Isn’t there just something about figs that seems totally luxurious? Perhaps it’s their fleeting harvest season…or maybe it’s the sweet syrup that oozes right out of their purple skin…or possibly just the fact that they’re actually really expensive. Whatever the reason, when I suddenly see market shelves overflowing with ripe figs, I have to have them. This flatbread recipe was born when I had some I needed to use up, and truthfully, this recipe is simply a combination of some of my favorite flavors. Creamy goat cheese, sweet ricotta and zesty orange pair beautifully with the rich figs for a combination that makes a to-die-for appetizer…or, paired with a glass of port, a totally sophisticated dessert. Keep reading for more photos and the recipe…

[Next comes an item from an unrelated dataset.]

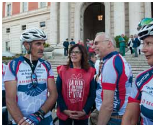
Riprese in occasione della Granfondo.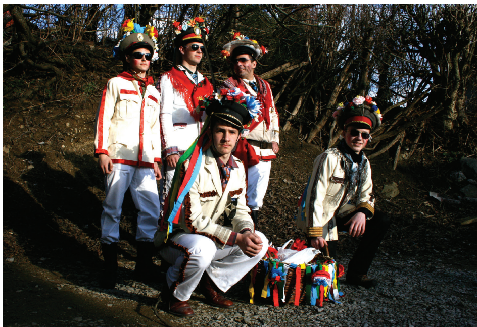
Ta lepi so bili vedno poberini. Bele obleke s piso na hlačah, škornji, s pisanimi trakci ali krep papirjem obrobljena 'jəkjata' in bogata pokrivala, okrašena z rožami iz krep papirja in 'panklci'. Fantje so si od nekdaj radi dodali sončna očala in si z rdečilom namazali lica.

Fig & Goat Cheese Flatbread
- 1 ball pizza dough at room temp (store-bought or homemade)
- olive oil, for brushing
- 4 oz goat cheese
- 2 oz whole-milk ricotta
- 1 tsp honey
- 6 figs, sliced thinly
- 1 tsp thyme, minced
- 1 orange, zested into long strips
- salt & pepper
- Place a pizza stone or cookie sheet in the bottom of the oven and preheat the oven to 500°. Allow the pizza stone to heat thoroughly.
- On a lightly floured surface, roll out pizza dough to a 12-inch round. Brush with olive oil and carefully transfer to hot pizza stone. Bake for 5 minutes until crust starts to puff up.
- Meanwhile, whisk goat cheese, ricotta and honey in a small bowl until fluffy. Remove crust from oven, and dollop cheese all over the crust, leaving a 1-inch border all around.
- Arrange sliced figs over cheese in concentric circles, starting from the middle. Sprinkle with thyme and orange zest, then season with salt and pepper. Bake in oven for 10 more minutes, until crust is crispy and golden brown.
- Remove from oven and sprinkle with toasted walnuts. Allow to sit for 5 minutes before slicing into wedges.